The Plaintiffs argue that their opposition to the application was not unreasonable. Although I did not make any finding in that respect in my brief reasons when I ruled on the application, I think it is also relevant that the Plaintiffs’ basis for opposition largely rested on a claim that actual prejudice would result if the application was granted. That was a matter that was not established by the evidence relied on by the Plaintiffs.
With that background, other factors relevant to the exercise of the discretion in my view, in summary form, are:-
1. The Defendant expressed the view, at the Case Management Conference when the orders for affidavit evidence were made, that the time allowed might be insufficient;
2. The Plaintiffs filed and served their affidavits of evidence in chief as ordered;
3. The Defendant identified the need for the current application early and made the application before the time for filing its affidavits had elapsed;
4. The Defendant produced acceptable evidence that they had made genuine attempts to comply with the orders but were in the end unable to comply, something which I accepted in the course of my reasons for granting the extension;
5. The Defendant had, at the outset, indicated to the Plaintiffs that they would agree to a consequent extension of the time fixed for the filing of the Plaintiffs’ affidavit evidence in reply;
6. The Defendant resisted an order that its evidence be staggered by fixing separate due dates for the evidence in chief component and the component in reply to the Plaintiffs’ evidence in chief; such an order may have gone part way at least to alleviating any possible prejudice to the Plaintiffs;
7. The Plaintiffs failed to satisfy me, on the available evidence, that actual prejudice would result;
8. The Defendant was wholly successful on the application.

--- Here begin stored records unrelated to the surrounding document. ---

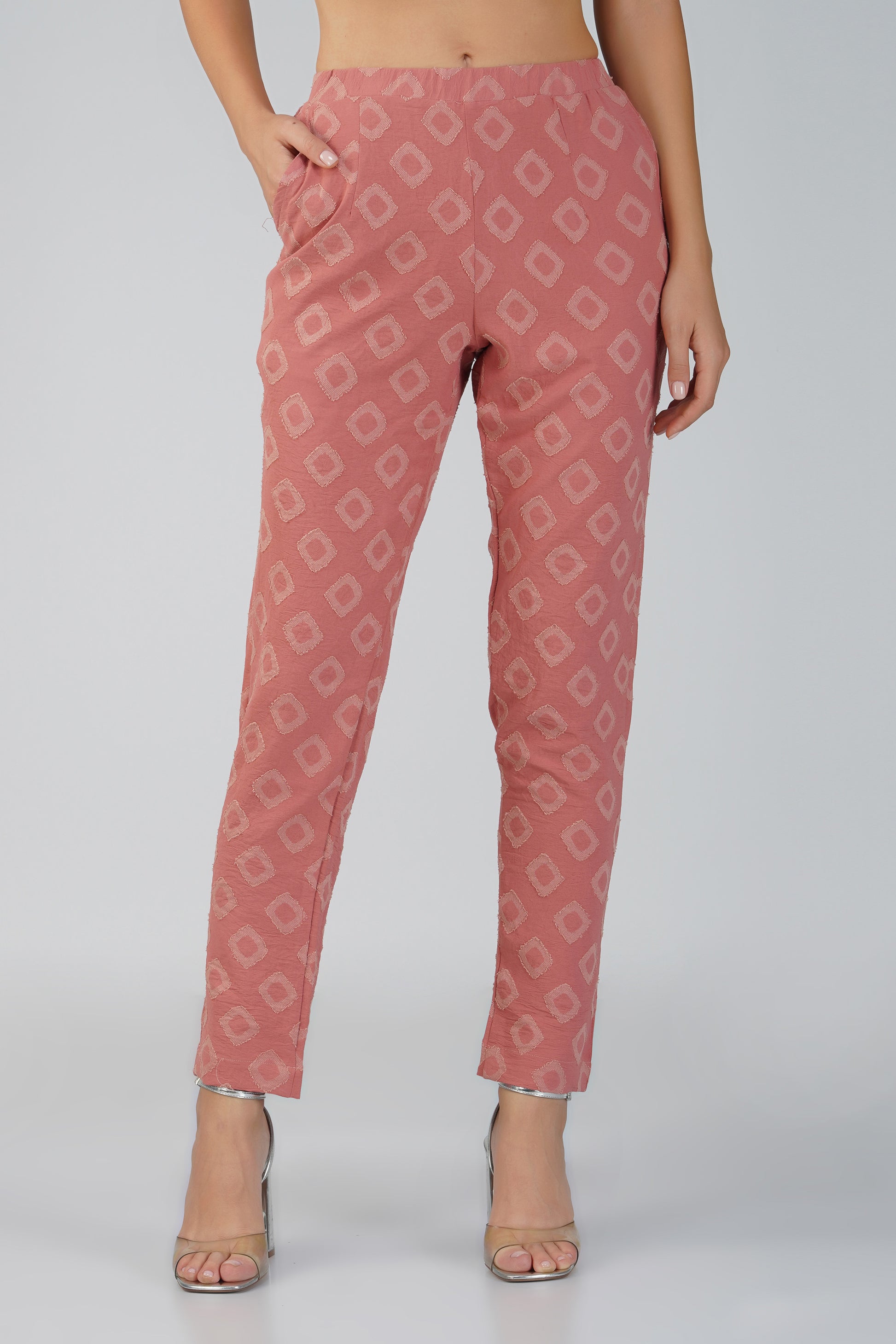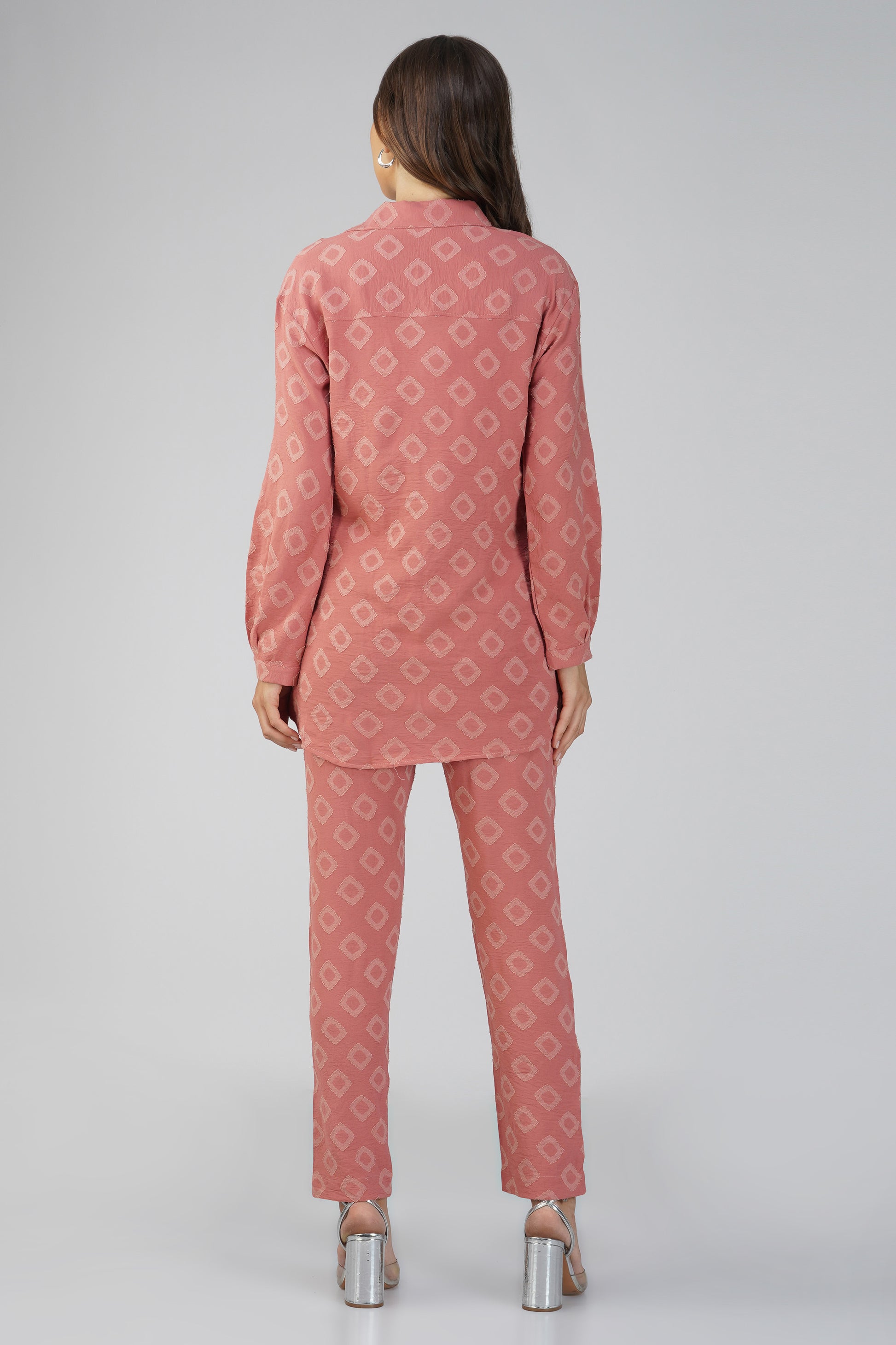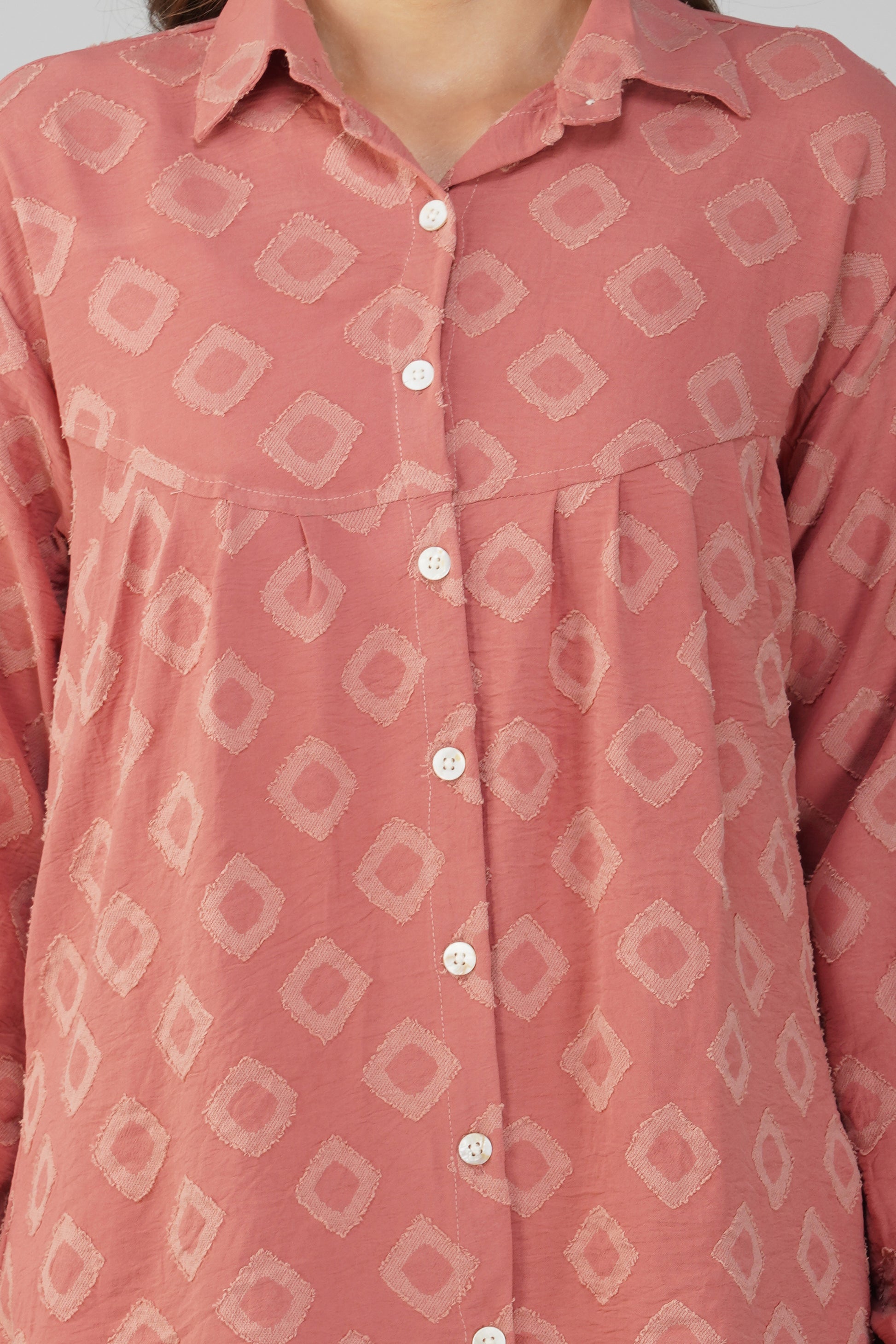 Peach Jacquard Shirt Lets Go Co-ord Set – Gathered Yoke Shirt with Relaxed Pants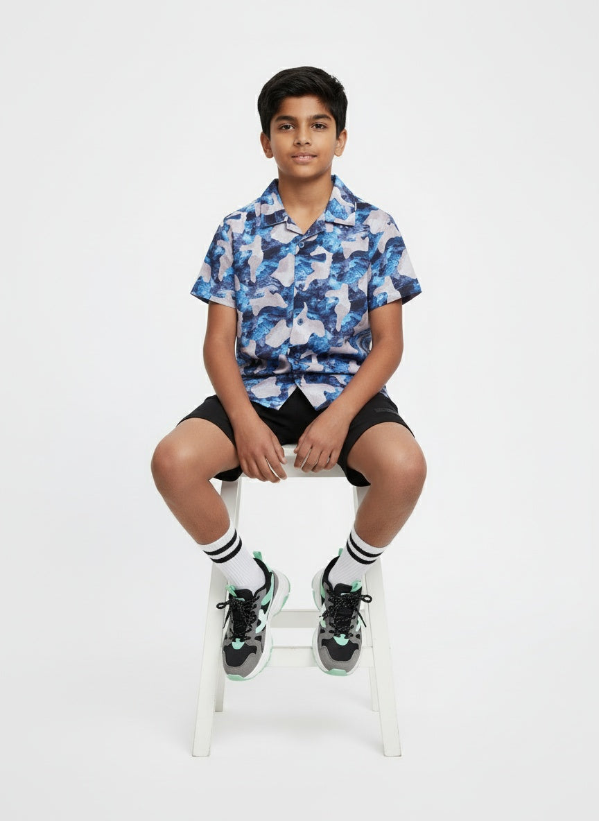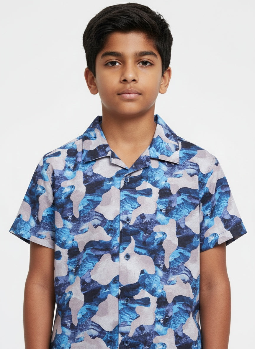 Boys Abstract Printed Shirt Electric Blue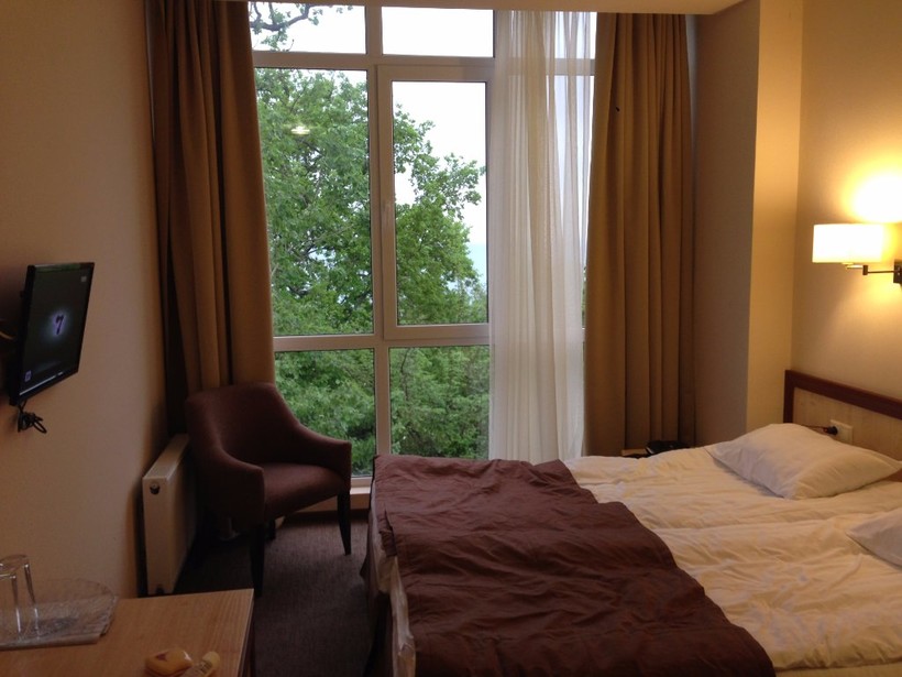 Но именно благодаря такому расположению из номеров отеля видно море и не слышно шум от проезжей дороги (Курортного проспекта

Weighing up all of those matters, as the Defendant did seek an indulgence but the Plaintiffs were unable to establish the claimed prejudice on which the Plaintiffs’ resistance of the application was based, I have come to the conclusion that the appropriate order is that the costs of the application be costs in the proceedings with a certificate that the application was fit for counsel and I so order.
[1] (2000) 40 9NSWLR 128.
[2] (2016) VSC 666.
[3]See Law of Costs, Dal Pont G, LexisNexis Butterworths, Second Edition at para 14.41 and the cases there cited.